Where does the word "para" show up in the data? Please find each such line and copy it.

Source information =>
_ _ _ _

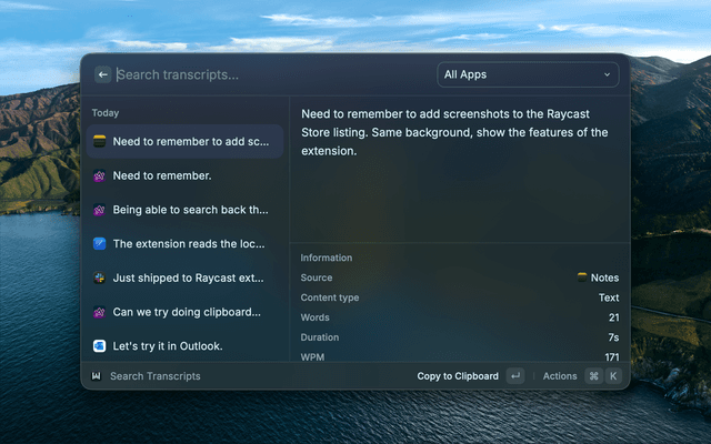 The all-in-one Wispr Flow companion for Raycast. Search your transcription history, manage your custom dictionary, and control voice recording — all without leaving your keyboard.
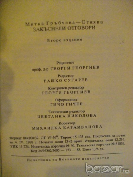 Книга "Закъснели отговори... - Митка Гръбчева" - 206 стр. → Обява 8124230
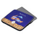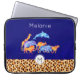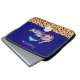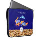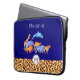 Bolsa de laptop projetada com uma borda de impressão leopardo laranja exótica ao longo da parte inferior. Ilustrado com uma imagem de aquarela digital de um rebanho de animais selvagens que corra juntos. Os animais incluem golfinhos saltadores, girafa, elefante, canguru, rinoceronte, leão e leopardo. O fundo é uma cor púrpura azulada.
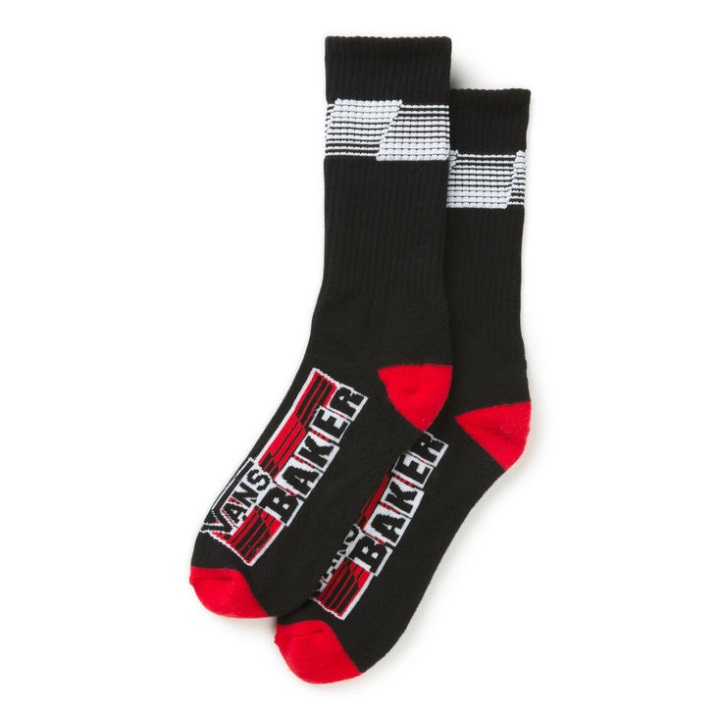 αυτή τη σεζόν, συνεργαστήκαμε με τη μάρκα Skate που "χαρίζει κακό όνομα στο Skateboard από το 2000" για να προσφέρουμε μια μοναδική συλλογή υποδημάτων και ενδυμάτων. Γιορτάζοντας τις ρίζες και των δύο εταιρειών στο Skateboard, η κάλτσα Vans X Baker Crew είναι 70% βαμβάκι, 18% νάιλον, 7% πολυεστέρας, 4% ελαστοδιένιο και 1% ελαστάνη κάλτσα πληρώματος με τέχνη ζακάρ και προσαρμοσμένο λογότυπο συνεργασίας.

_ _ _ _

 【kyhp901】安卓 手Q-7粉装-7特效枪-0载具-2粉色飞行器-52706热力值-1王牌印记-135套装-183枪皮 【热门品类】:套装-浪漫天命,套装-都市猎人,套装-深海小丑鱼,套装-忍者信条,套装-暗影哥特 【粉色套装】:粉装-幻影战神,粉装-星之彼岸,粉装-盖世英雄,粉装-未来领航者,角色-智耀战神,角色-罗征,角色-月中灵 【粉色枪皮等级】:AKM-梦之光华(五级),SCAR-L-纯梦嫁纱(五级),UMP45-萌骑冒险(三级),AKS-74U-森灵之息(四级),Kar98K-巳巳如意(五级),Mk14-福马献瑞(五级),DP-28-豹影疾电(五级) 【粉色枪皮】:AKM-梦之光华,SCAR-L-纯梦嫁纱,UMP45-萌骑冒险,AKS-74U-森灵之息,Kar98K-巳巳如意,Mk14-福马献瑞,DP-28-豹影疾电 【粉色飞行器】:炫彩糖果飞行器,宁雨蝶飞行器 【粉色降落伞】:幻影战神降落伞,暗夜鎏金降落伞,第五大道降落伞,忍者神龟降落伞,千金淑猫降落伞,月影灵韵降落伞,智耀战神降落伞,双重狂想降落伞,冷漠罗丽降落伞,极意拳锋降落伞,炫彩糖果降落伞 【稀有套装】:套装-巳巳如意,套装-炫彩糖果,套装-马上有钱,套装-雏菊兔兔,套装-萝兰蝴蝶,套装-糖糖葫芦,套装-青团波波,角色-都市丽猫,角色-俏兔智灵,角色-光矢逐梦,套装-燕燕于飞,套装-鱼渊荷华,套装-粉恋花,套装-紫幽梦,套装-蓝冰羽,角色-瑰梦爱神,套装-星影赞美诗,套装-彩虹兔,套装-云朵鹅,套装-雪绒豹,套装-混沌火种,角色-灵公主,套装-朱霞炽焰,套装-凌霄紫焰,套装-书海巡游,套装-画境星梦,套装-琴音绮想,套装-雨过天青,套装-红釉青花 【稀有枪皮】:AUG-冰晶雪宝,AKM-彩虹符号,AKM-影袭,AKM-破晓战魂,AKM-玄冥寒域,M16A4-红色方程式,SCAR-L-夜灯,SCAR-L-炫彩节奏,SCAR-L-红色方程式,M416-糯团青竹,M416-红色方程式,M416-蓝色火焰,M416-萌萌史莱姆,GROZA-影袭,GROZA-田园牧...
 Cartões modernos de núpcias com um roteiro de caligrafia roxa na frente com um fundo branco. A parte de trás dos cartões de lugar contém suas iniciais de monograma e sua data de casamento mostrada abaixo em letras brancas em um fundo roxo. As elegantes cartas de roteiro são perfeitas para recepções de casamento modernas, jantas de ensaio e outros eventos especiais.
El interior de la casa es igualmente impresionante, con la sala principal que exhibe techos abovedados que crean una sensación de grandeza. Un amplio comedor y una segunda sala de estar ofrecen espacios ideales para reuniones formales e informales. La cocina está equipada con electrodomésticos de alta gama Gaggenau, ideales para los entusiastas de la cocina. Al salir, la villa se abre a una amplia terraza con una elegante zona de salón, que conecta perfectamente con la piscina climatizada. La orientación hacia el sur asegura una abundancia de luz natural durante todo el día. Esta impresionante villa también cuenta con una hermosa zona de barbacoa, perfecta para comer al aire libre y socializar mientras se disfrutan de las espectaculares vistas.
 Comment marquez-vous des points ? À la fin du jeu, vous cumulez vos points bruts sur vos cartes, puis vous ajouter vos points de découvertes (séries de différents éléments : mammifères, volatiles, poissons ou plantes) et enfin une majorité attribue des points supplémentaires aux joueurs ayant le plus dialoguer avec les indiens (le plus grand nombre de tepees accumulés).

_ _ _ _

Exercise response =>
 Cartões modernos de núpcias com um roteiro de caligrafia roxa na frente com um fundo branco. A parte de trás dos cartões de lugar contém suas iniciais de monograma e sua data de casamento mostrada abaixo em letras brancas em um fundo roxo. As elegantes cartas de roteiro são perfeitas para recepções de casamento modernas, jantas de ensaio e outros eventos especiais.
El interior de la casa es igualmente impresionante, con la sala principal que exhibe techos abovedados que crean una sensación de grandeza. Un amplio comedor y una segunda sala de estar ofrecen espacios ideales para reuniones formales e informales. La cocina está equipada con electrodomésticos de alta gama Gaggenau, ideales para los entusiastas de la cocina. Al salir, la villa se abre a una amplia terraza con una elegante zona de salón, que conecta perfectamente con la piscina climatizada. La orientación hacia el sur asegura una abundancia de luz natural durante todo el día. Esta impresionante villa también cuenta con una hermosa zona de barbacoa, perfecta para comer al aire libre y socializar mientras se disfrutan de las espectaculares vistas.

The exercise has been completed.